Write out every line exactly, from the start of the records below to the line with "今日はとても暖かく穏やかな陽", and stop there. Don't write out the pictures.

[Source data]

★ ★ ★ ★

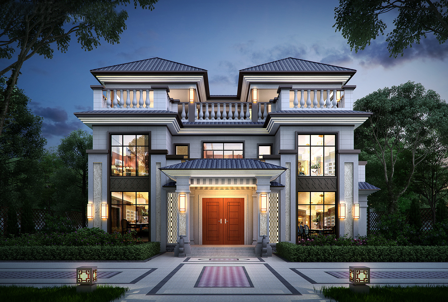 本户型为三层轻钢别墅中式轻钢别墅,风味独特,别具一格
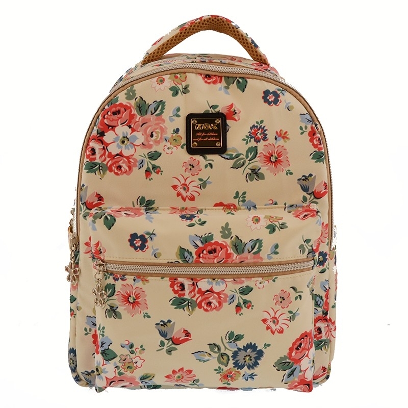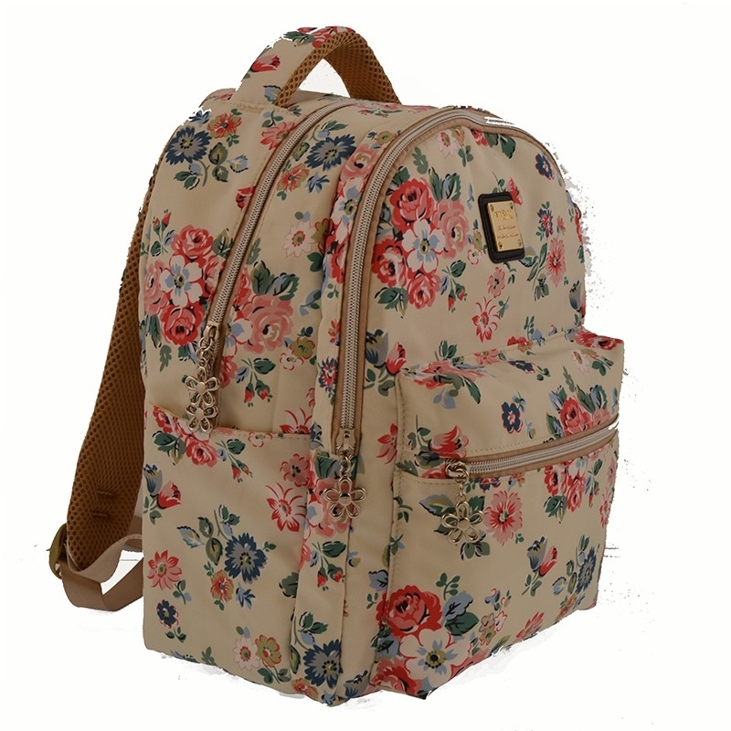 Rucsac mediu textilcu 2 compartimente de diferite dimensiuni ce au deschidere cu fermoar, compartimentulmare este dotat cu 1 buzunar cu protectie pentru laptop si separator interior si 1 buzunar mic prevazur cu fermoar. 1 buzunar mediu frontal cu fermoar, partea din spate a acestuia este buretata, bretele late, buretate si ajustabile si 2 buzunare laterale. Fermoarele sunt metalice cu flori.
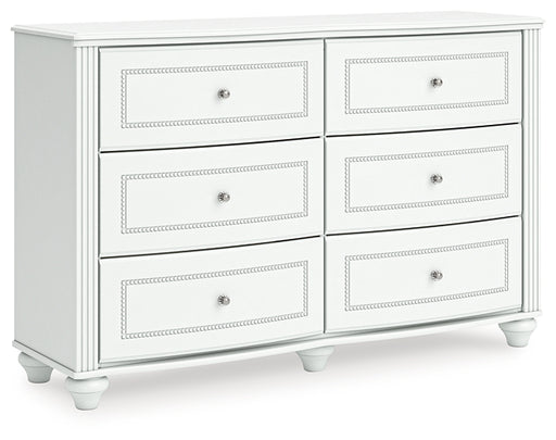 Fit for a princess. This dresser’s crisp matte white finish pairs with charming elements like bun feet, crystal knobs and ornate beading—the perfec...
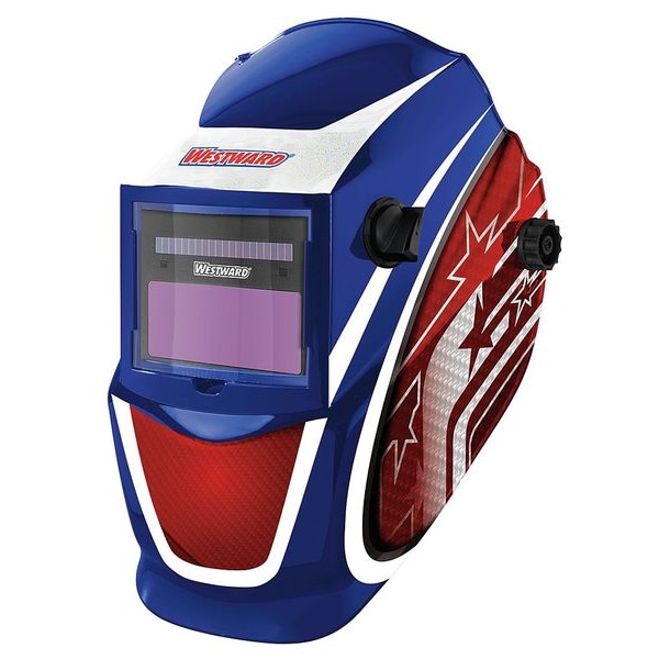 Auto Dark Welding Helmet, Shade 4, 9-13, Blue/Red/White
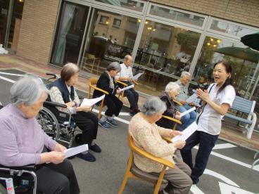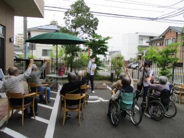 今日はとても暖かく穏やかな陽気だったので、グループ体操を施設のお庭で行いました!
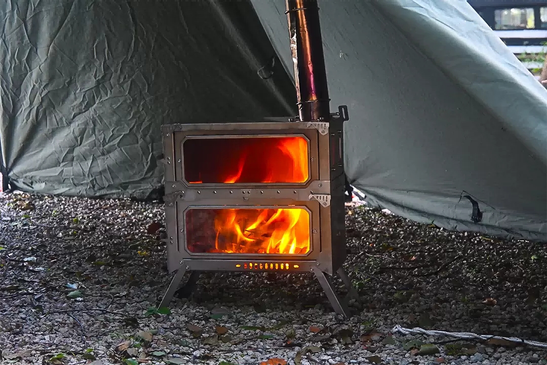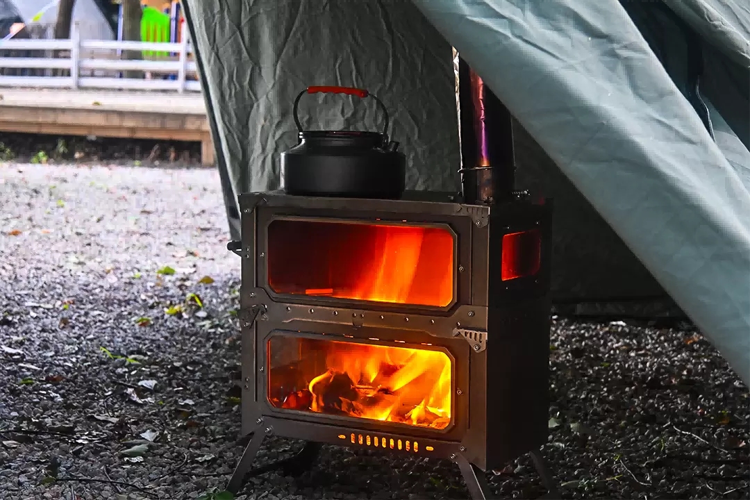 This groundbreaking double-layer folding wood stove takes extreme portability, efficient combustion, and flexible expansion to new heights, making it the ultimate energy center for deep lightweight exploration and long-term backpackers. Its revolutionary folding mechanism can compress the entire furnace into a stunning ultra-thin shape, with an extremely compact volume that can easily fit into the main cabin of a standard hiking bag without any pressure, becoming the most space saving warm guarantee during your expedition. Assembly experience is fast and efficient: relying on the finely crafted plug-in modular architecture, the edges of the components are precisely guided, the insertion is smooth and stable, the locking is clear and reliable, completely eliminating tool dependence. With manual operation, the magnificent construction from flat wrapping to stable base can be completed in an instant. The core technological breakthrough lies in the secondary combustion system – we have successfully overturned the inherent limitations of traditional secondary burners, such as bulky volume and complex structure. Through innovative micro space integration design and the ingenious application of ultra-thin heat-resistant materials, we have perfectly preserved its core efficiency of promoting full secondary combustion of fuel, significantly improving thermal efficiency, and significantly reducing smoke while compressing storage space to the extreme. We have completely overcome the industry challenge of balancing high efficiency and portability. The revolutionary expandable design is another soul of this stove: exclusive raised accessories that can be seamlessly stacked on top of the basic stove body, achieving intelligent expansion of vertical space – the height of the combustion chamber instantly doubles, and the volume that can accommodate firewood is significantly expanded. It not only supports thicker fuels, but also significantly extends the combustion time of a single addition of firewood, providing powerful and long-lasting firepower support for cold environments or group cooking. The chimney system embodies the ultimate concept of lightness: it adopts a highly flexible metal hand rolled chimney, which is as thin as leather after winding, as light as nothing, and can be placed freely in the gaps of the backpack; The chimney base is integrated with a precision adjustable wind deflector, which can be precisely adapted to different wind environments through knob adjustment, optimizing suction and exhaust efficiency; And comes standard with a quick release high-strength firewall, which instantly stands up as a safety barrier when flames are raging, efficiently blocking splashing sparks and providing safe protection for your campsite. From the ultimate storage art of folding, the second level intuitive experience of assembly, the intelligent and efficient innovation of combustion, to the flexible and intelligent expansion of space, this stove redefines the performance boundary and portability limit of outdoor wood stoves with system level precision and ingenuity – allowing long-lasting warmth and surging fire power to accompany your lightweight journey like a shadow.
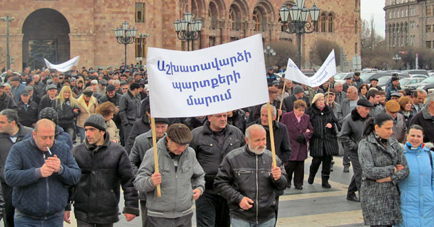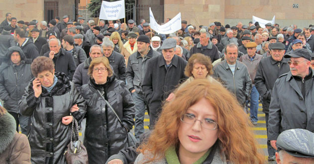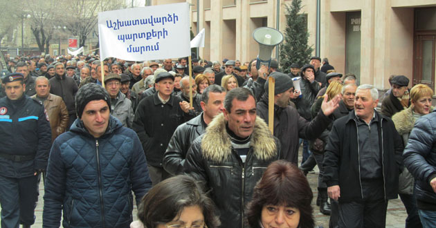Акция бывших сотрудников завода "Наирит" с требованием погасить долги по зарплате. Ереван, 5 марта 2015 г. Фоторепортаж корреспондента "Кавказского узла" Тиграна Петросяна
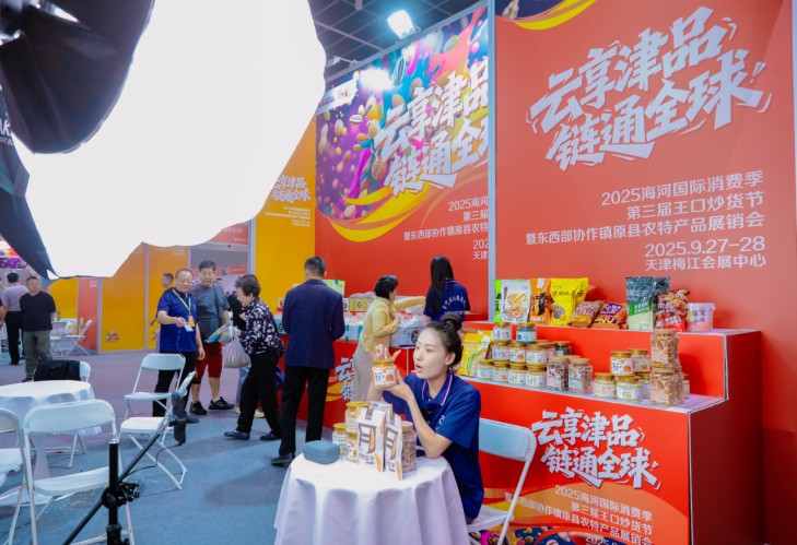 9月27日上午,2025海河国际消费季“云享津品 链通全球”第三届王口炒货节暨静海区东西部协作镇原县农特产品展销会在梅江会展中心S2馆“喷香”开幕,各类“明星产品”备受追捧。
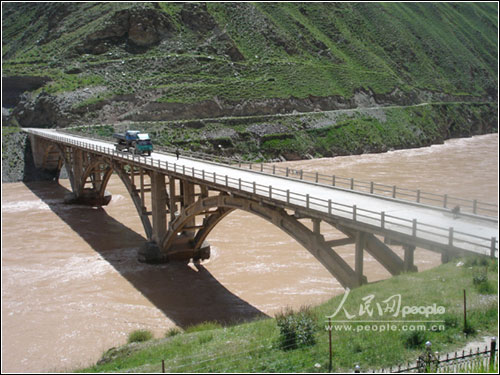 向下再往南走,就渐渐进入唐古拉山脉中,地势不像先前那么开阔了,连绵起伏的山峦,被披上高山草甸,柔和的像地毯铺在高原大地上。接着过了通天河大桥,周围的视野就开始收缩,进入峡谷地带。通天河在这里也被称为当曲,在此河谷宽广,水流散漫,完全不像西游记中所说,弱水三千,鹅毛不见底的险渡。

★ ★ ★ ★

▶ **Result of the exercise**:
 本户型为三层轻钢别墅中式轻钢别墅,风味独特,别具一格
 Rucsac mediu textilcu 2 compartimente de diferite dimensiuni ce au deschidere cu fermoar, compartimentulmare este dotat cu 1 buzunar cu protectie pentru laptop si separator interior si 1 buzunar mic prevazur cu fermoar. 1 buzunar mediu frontal cu fermoar, partea din spate a acestuia este buretata, bretele late, buretate si ajustabile si 2 buzunare laterale. Fermoarele sunt metalice cu flori.
 Fit for a princess. This dresser’s crisp matte white finish pairs with charming elements like bun feet, crystal knobs and ornate beading—the perfec...
 Auto Dark Welding Helmet, Shade 4, 9-13, Blue/Red/White
 今日はとても暖かく穏やかな陽気だったので、グループ体操を施設のお庭で行いました!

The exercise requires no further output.